- _DATA TO USE_
*** Block opens ***

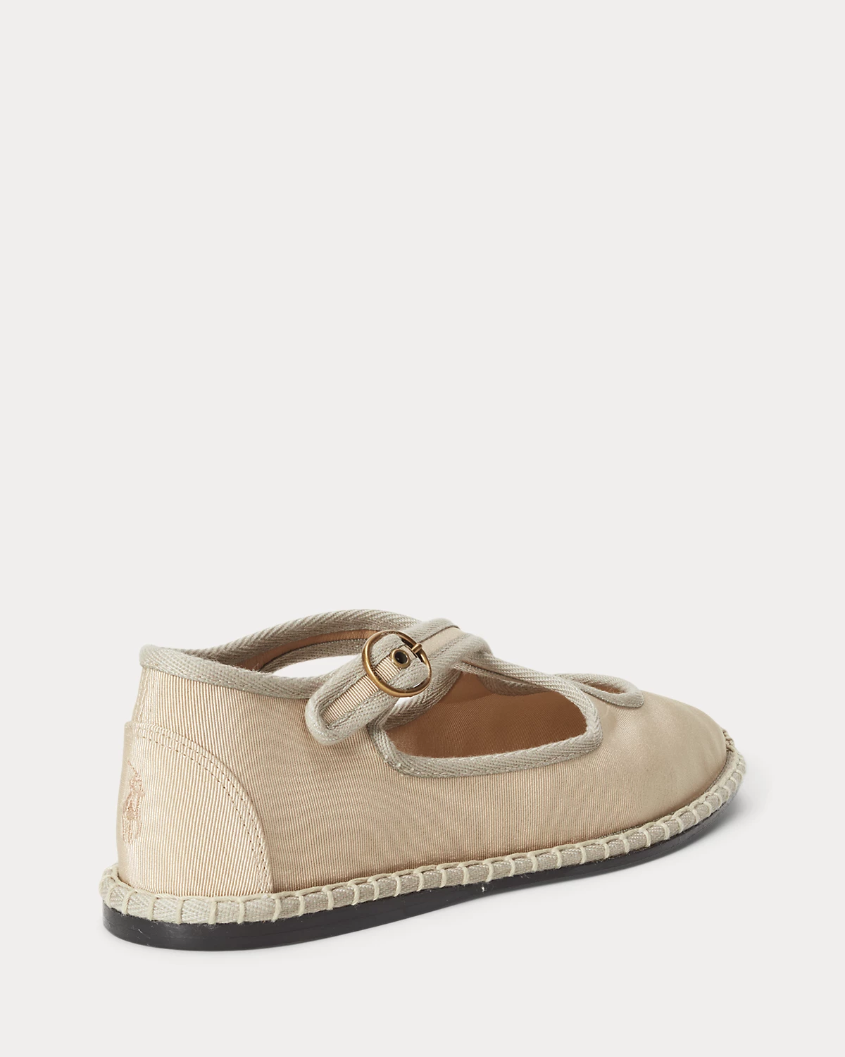 A modern take on the classic mary jane, this grosgrain espadrille merges a jute toe cap and contrast stitching with buckled crisscross straps across the vamp.
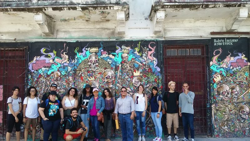 Recientemente se llevó a cabo la segunda gira de muralismo, con la participación de trece estudiantes de Bellas Artes y uno de Historia, acompañados por la Profa. Sylvia Damary Burgos. En esta ocasión, el grupo visitó la Galería de los Gigantes para ver la exhibición fotográfica Ciudades desconocidas donde fueron recibidos por el fotógrafo, Marvin Fonseca Barahona, periodista y autor del libro Puerto Rico: museo al aire libre. Luego se dirigieron, junto a su anfitrión, a presenciar los trabajos artísticos que componen la sexta edición de Santurce es Ley.
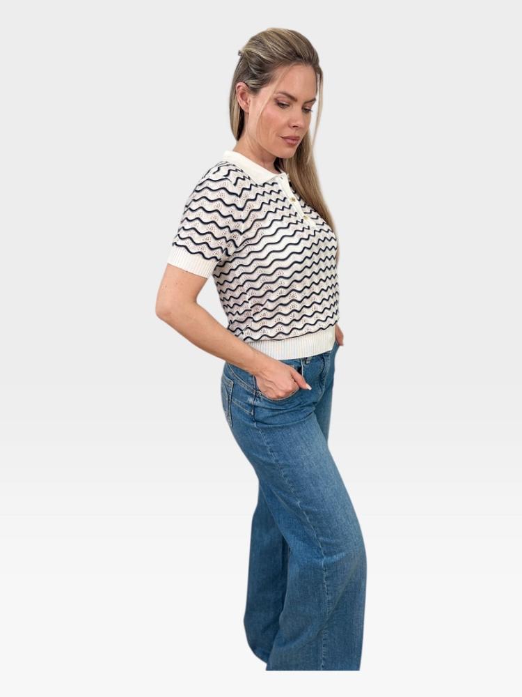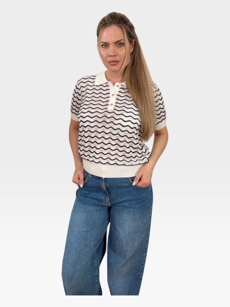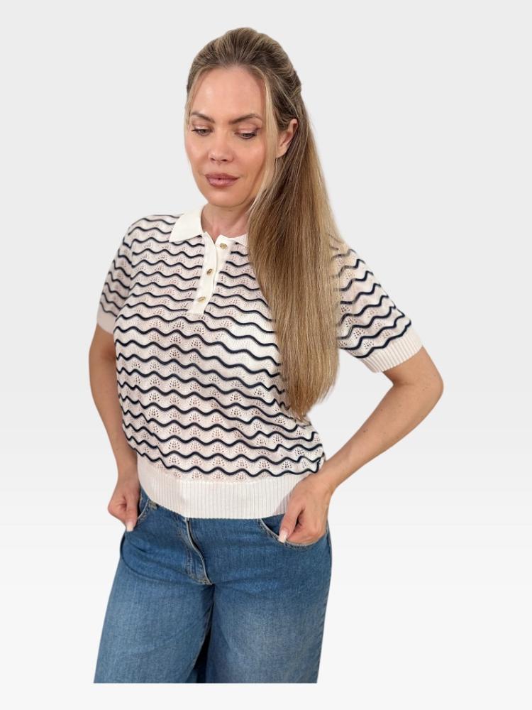 Model si vás okamžite získa rafinovaným, jemne perforovaným materiálom s originálnym vlnovkovým vzorom, ktorý mu dodáva vizuálnu ľahkosť a krásnu textúru. Klasický golierik v štýle polo košele je doplnený o elegantné zapínanie na drobné gombíky, čo vnáša do dizajnu sofistikovaný retro nádych. Celkovú siluetu krásne formujú čisté biele rebrované lemy na rukávoch a v spodnej časti, ktoré zaisťujú perfektné prispôsobenie.
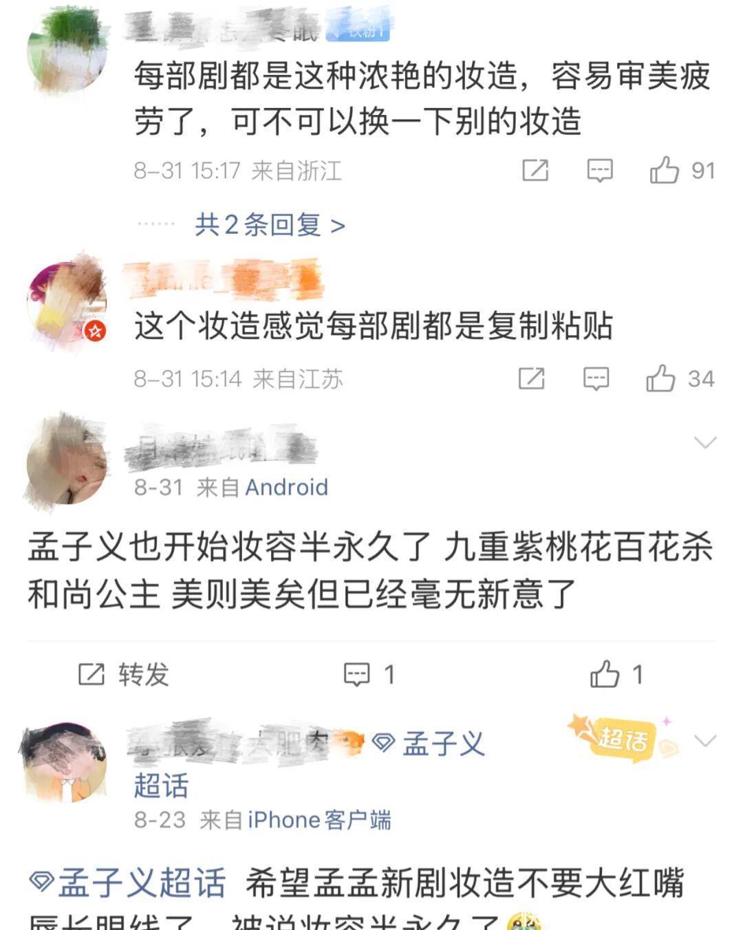 针对妆造问题,部分孟子义的粉丝写小作文并对职责室提倡建议,只不外从咫尺的路透来看,剧方似乎莫得接收,她依旧是“妆容三件套”。
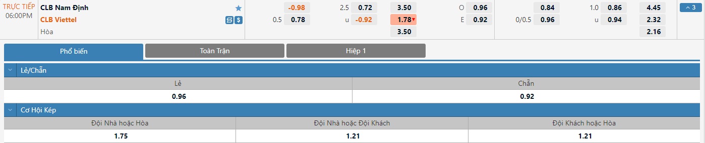 Tỷ lệ kèo cá cược bóng đá trận Nam Định vs Viettel
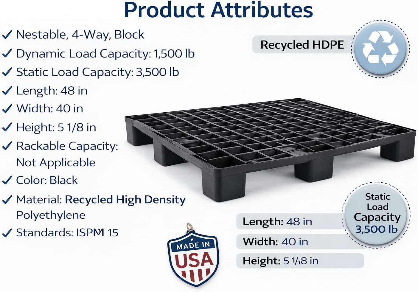 To make this description effective for Amazon, we need to balance technical specifications with real-world benefits. This layout uses clear headings and a professional tone to reassure industrial buyers while remaining accessible to home users. Heavy-Duty Industrial Solution: 3-Pack Made in USA Plastic Pallets Upgrade your storage and logistics with the ultimate heavy-duty pallet solution. Tired of splintering wood, protruding nails, and pallets that warp under pressure? Our 3-Pack of Heavy Duty 48" x 40" Plastic Pallets is engineered for maximum durability and environmental responsibility. Proudly Made in the USA, these pallets are the gold standard for warehouse management, home garage organization, and industrial shipping. Unmatched Strength & Engineering Each pallet in this set is rated for a 3,500 lb Static Weight Load Capacity. Built from high-density polyethylene (HDPE), these pallets provide a stable, rigid base for heavy machinery, bulk inventory, or long-term storage. The 5-inch low-profile height ensures they fit seamlessly into standard racking systems while maximizing your vertical storage space. Built to Last in Any Environment Unlike traditional wood pallets that absorb moisture, harbor pests, and decay over time, our Recycled HDPE construction is: Weather-Resistant: Ideal for outdoor storage or damp environments. Chemical-Resistant: Easy to sanitize and resistant to most oils and acids. Safety-First: No splinters, no nails, and no sharp edges to damage your goods or injure your team. Eco-Friendly & Sustainable We believe in high performance without the high environmental cost. These pallets are manufactured using 100% Recycled High-Density Polyethylene, diverting plastic from landfills and turning it into a long-cycle industrial tool. When you choose these pallets, you are investing in a sustainable circular economy. Specifications at a Glance: Quantity: 3-Pack Bundle Dimensions: 48" L x 40" W x 5" H (Standard Universal Size) Material: 100% Recycled HDPE (High-Density Polyethylene) Load Capacity: 3,500 lbs (Static) Entry Type: 4-Way Entry for easy Forklift and Pallet Jack access Origin: Made in the USA Perfect for: Warehouses, automotive shops, food & beverage storage, pharmaceutical clean rooms, and heavy-duty home garage organization.
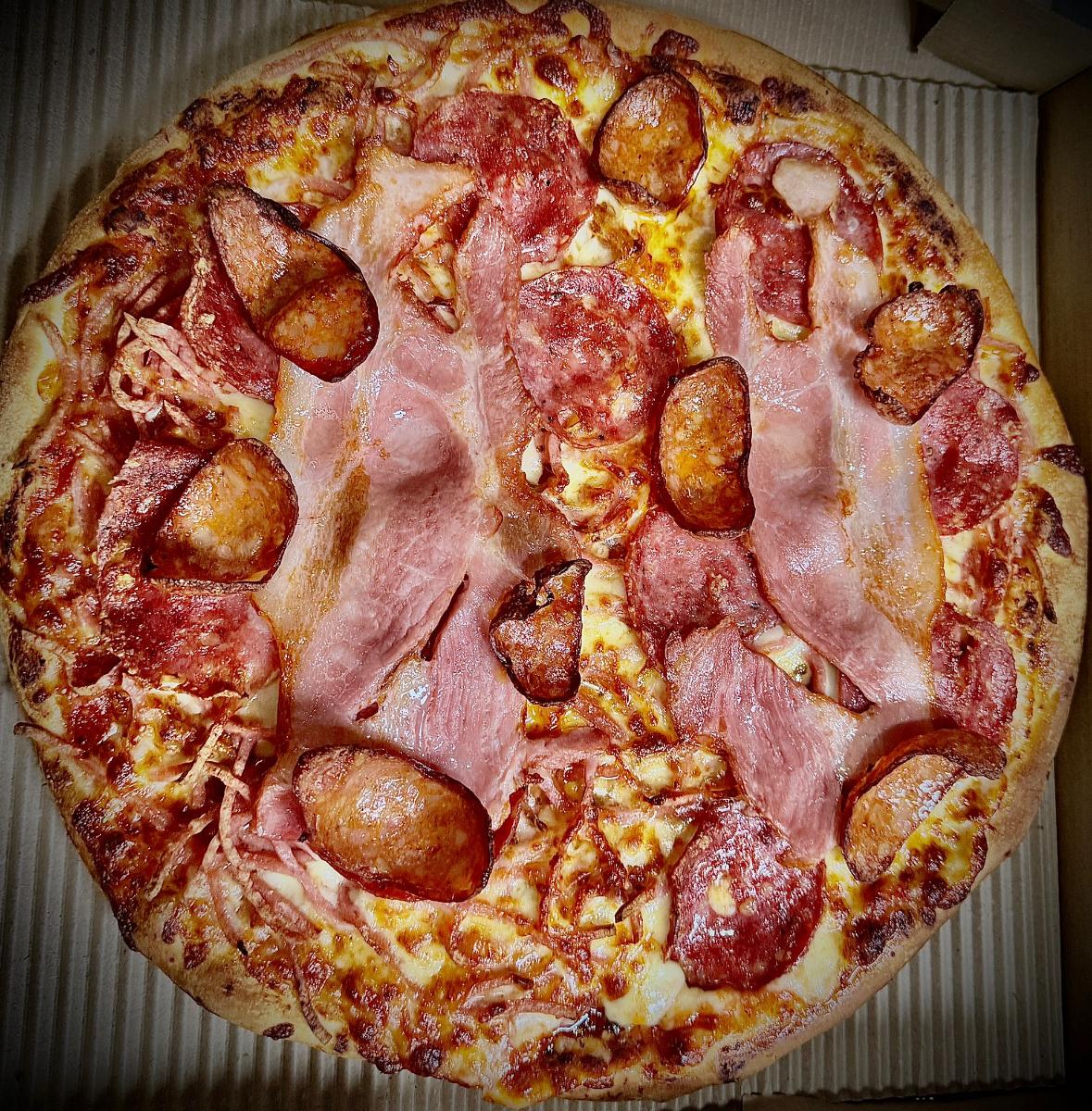 Meatlovers PizzaHam, Cheese, Salami, Bacon, Tomato sauce and BBQ Sauce Optional×
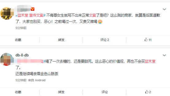 除此之外,有网友直接去益禾堂微博评论区指责益禾堂广告侮辱女性。对此,益禾堂回应称:“已第一时间对事件进行了调查。由于对合作kol发布内容审核不力,给大家造成的情感伤害,我们真诚致歉!目前已删除相关视频,并将对涉及人员严肃处理追责。”(文|AI财经社 夏天)
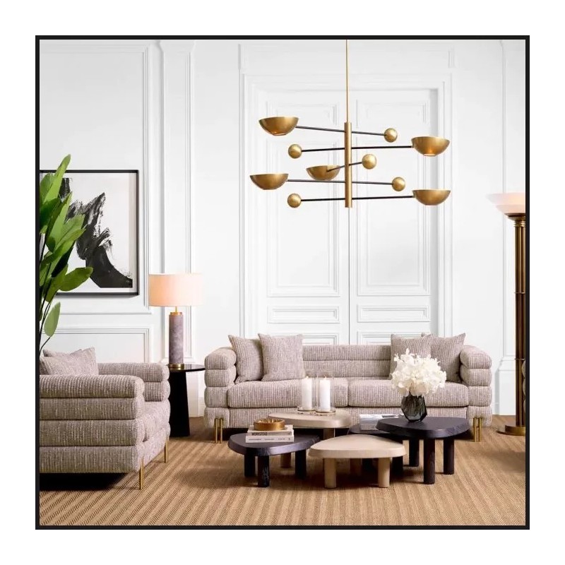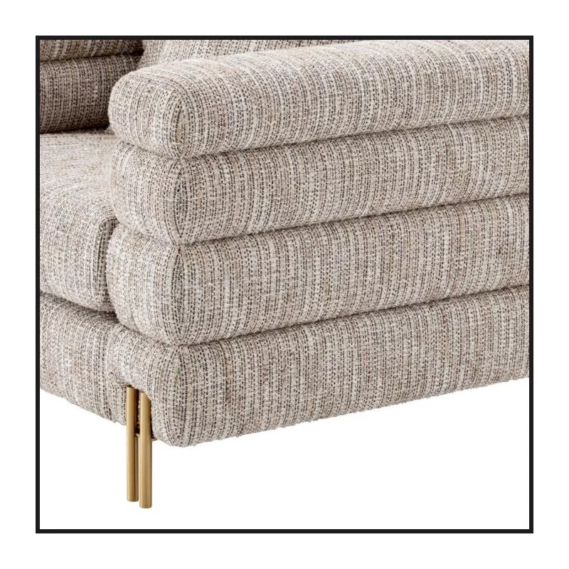 Son revêtement en tissu bouclé crème et ses pieds finition laiton brossé
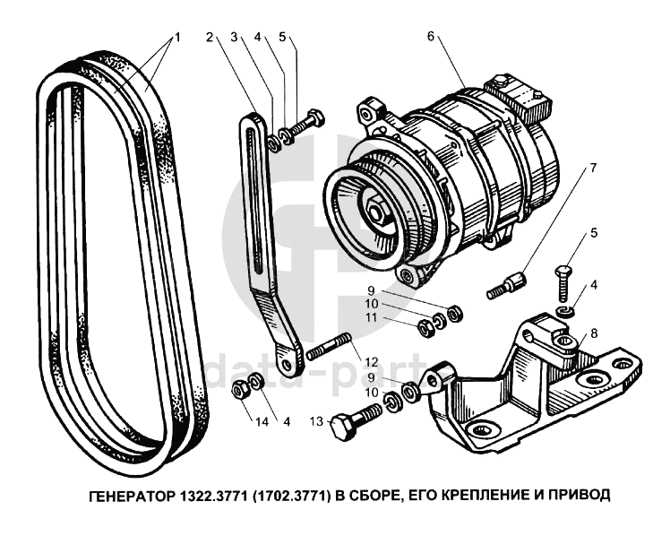 Генератор 1322.3771 (1702.3771) в сборе, его крепление и привод

*** Block closes ***

- _YOUR INSTRUCTIONS_
Your answer must be the records above, word for word, with no pictures.

- _RESPONSE_
 A modern take on the classic mary jane, this grosgrain espadrille merges a jute toe cap and contrast stitching with buckled crisscross straps across the vamp.
 Recientemente se llevó a cabo la segunda gira de muralismo, con la participación de trece estudiantes de Bellas Artes y uno de Historia, acompañados por la Profa. Sylvia Damary Burgos. En esta ocasión, el grupo visitó la Galería de los Gigantes para ver la exhibición fotográfica Ciudades desconocidas donde fueron recibidos por el fotógrafo, Marvin Fonseca Barahona, periodista y autor del libro Puerto Rico: museo al aire libre. Luego se dirigieron, junto a su anfitrión, a presenciar los trabajos artísticos que componen la sexta edición de Santurce es Ley.
 Model si vás okamžite získa rafinovaným, jemne perforovaným materiálom s originálnym vlnovkovým vzorom, ktorý mu dodáva vizuálnu ľahkosť a krásnu textúru. Klasický golierik v štýle polo košele je doplnený o elegantné zapínanie na drobné gombíky, čo vnáša do dizajnu sofistikovaný retro nádych. Celkovú siluetu krásne formujú čisté biele rebrované lemy na rukávoch a v spodnej časti, ktoré zaisťujú perfektné prispôsobenie.
 针对妆造问题,部分孟子义的粉丝写小作文并对职责室提倡建议,只不外从咫尺的路透来看,剧方似乎莫得接收,她依旧是“妆容三件套”。
 Tỷ lệ kèo cá cược bóng đá trận Nam Định vs Viettel
 To make this description effective for Amazon, we need to balance technical specifications with real-world benefits. This layout uses clear headings and a professional tone to reassure industrial buyers while remaining accessible to home users. Heavy-Duty Industrial Solution: 3-Pack Made in USA Plastic Pallets Upgrade your storage and logistics with the ultimate heavy-duty pallet solution. Tired of splintering wood, protruding nails, and pallets that warp under pressure? Our 3-Pack of Heavy Duty 48" x 40" Plastic Pallets is engineered for maximum durability and environmental responsibility. Proudly Made in the USA, these pallets are the gold standard for warehouse management, home garage organization, and industrial shipping. Unmatched Strength & Engineering Each pallet in this set is rated for a 3,500 lb Static Weight Load Capacity. Built from high-density polyethylene (HDPE), these pallets provide a stable, rigid base for heavy machinery, bulk inventory, or long-term storage. The 5-inch low-profile height ensures they fit seamlessly into standard racking systems while maximizing your vertical storage space. Built to Last in Any Environment Unlike traditional wood pallets that absorb moisture, harbor pests, and decay over time, our Recycled HDPE construction is: Weather-Resistant: Ideal for outdoor storage or damp environments. Chemical-Resistant: Easy to sanitize and resistant to most oils and acids. Safety-First: No splinters, no nails, and no sharp edges to damage your goods or injure your team. Eco-Friendly & Sustainable We believe in high performance without the high environmental cost. These pallets are manufactured using 100% Recycled High-Density Polyethylene, diverting plastic from landfills and turning it into a long-cycle industrial tool. When you choose these pallets, you are investing in a sustainable circular economy. Specifications at a Glance: Quantity: 3-Pack Bundle Dimensions: 48" L x 40" W x 5" H (Standard Universal Size) Material: 100% Recycled HDPE (High-Density Polyethylene) Load Capacity: 3,500 lbs (Static) Entry Type: 4-Way Entry for easy Forklift and Pallet Jack access Origin: Made in the USA Perfect for: Warehouses, automotive shops, food & beverage storage, pharmaceutical clean rooms, and heavy-duty home garage organization.
 Meatlovers PizzaHam, Cheese, Salami, Bacon, Tomato sauce and BBQ Sauce Optional×
 除此之外,有网友直接去益禾堂微博评论区指责益禾堂广告侮辱女性。对此,益禾堂回应称:“已第一时间对事件进行了调查。由于对合作kol发布内容审核不力,给大家造成的情感伤害,我们真诚致歉!目前已删除相关视频,并将对涉及人员严肃处理追责。”(文|AI财经社 夏天)
 Son revêtement en tissu bouclé crème et ses pieds finition laiton brossé
 Генератор 1322.3771 (1702.3771) в сборе, его крепление и привод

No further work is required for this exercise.